Large single-client invoices. One client has roughly 500 endpoints, which generates an invoice large enough to exceed the model's context window even after isolating that single company. Theoretically we could break the invoice down further, but the return is not worth the cost. For now, that client still gets audited manually.

Reasoning token limits. GPT-OSS-120B has a 32K output token limit, and all reasoning happens within that budget. When the line item count grows, the model runs out of room to think before it runs out of room to write. The input might fit in 130K tokens, but the model can't reason over all of it within its output budget. This is a fundamental constraint of the current architecture — bigger context windows alone won't fix it without proportionally larger output limits.

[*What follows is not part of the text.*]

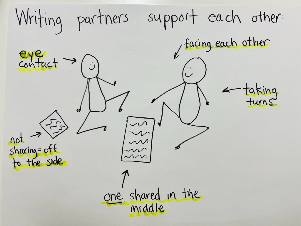 There might be times when it’s necessary to prepare an entire chart ahead of time, but I’ve found that to be the exception. Generally, I prefer to create charts a little bit at a time, together with kids. This typically takes place throughout the writing workshop. Sometimes, as the final part of my minilesson, I’ll add a bit to our checklist. Other times, I’ll do this work during the share/closing at the end of the workshop. Occasionally, I’ll add to a chart in the middle of the writing workshop, as a part of a mid-workshop interruption. I’ll often invite students to draw or write for me (with a bit of coaching from me), so that kids own the charts as much as I do–and so that the chart is more memorable.

As of today, we are keeping the audit process for these two cases manual because it only represents around 3% of the client base so it's not a huge time sink.

The ROI after 4 months

By the end of the fourth month, we reduced total audit process time (pre-processing, Bumblebee workflows, human review) from 5 days to 6 hours. The number of invoice discrepancies found has also dropped to 20% of the first month's total, indicating that the process is maturing and upstream billing accuracy is improving. More importantly, we recovered around 0.5% of top-line recurring revenue and reduced potential reputational damage.

What's Next

NVIDIA released Nemotron 3 Super earlier this month — a 120B parameter open-source model with 12B active parameters and a native 1M token context window. It directly benchmarks against GPT-OSS-120B with comparable accuracy and up to 2.2x higher inference throughput. Since it's open-weight and available through multiple inference providers, it fits our zero-day data retention requirement.

We're planning to run next month's invoice audit on Nemotron 3 Super alongside GPT-OSS-120B and compare results head-to-head: accuracy on known discrepancies, handling of the large client that currently requires manual audit, and total run cost. We'll share the results.

TL;DR — Lessons Learned

Break the problem into company-sized chunks. Don't feed a 1,000-row CSV into one LLM call. Group by customer, run each as its own workflow, and use bulk execution to scale.
LLMs can calculate markup reliably now. Markup calculations, proration math, and seat-count comparisons worked accurately out of the box. The "LLMs are bad at math" assumption is outdated for current reasoning models — don't over-engineer around it.
Add wait time between run to respect rate limit. Stagger workflow launches with a fixed wait interval and build auto-retry into the agent. The right interval depends on how many API calls each workflow makes.
Output formatting is the hardest part. Getting the LLM to produce structured, categorized output (not just "here are the mismatches") took more iteration than any other piece. Expect to run the full audit multiple times just to validate prompt changes.
Some problems need bigger models, not better prompts. Large single-client invoices and reasoning token limits are architectural constraints. We chose to keep 3% of the audit manual rather than over-engineer around limits that new models will solve.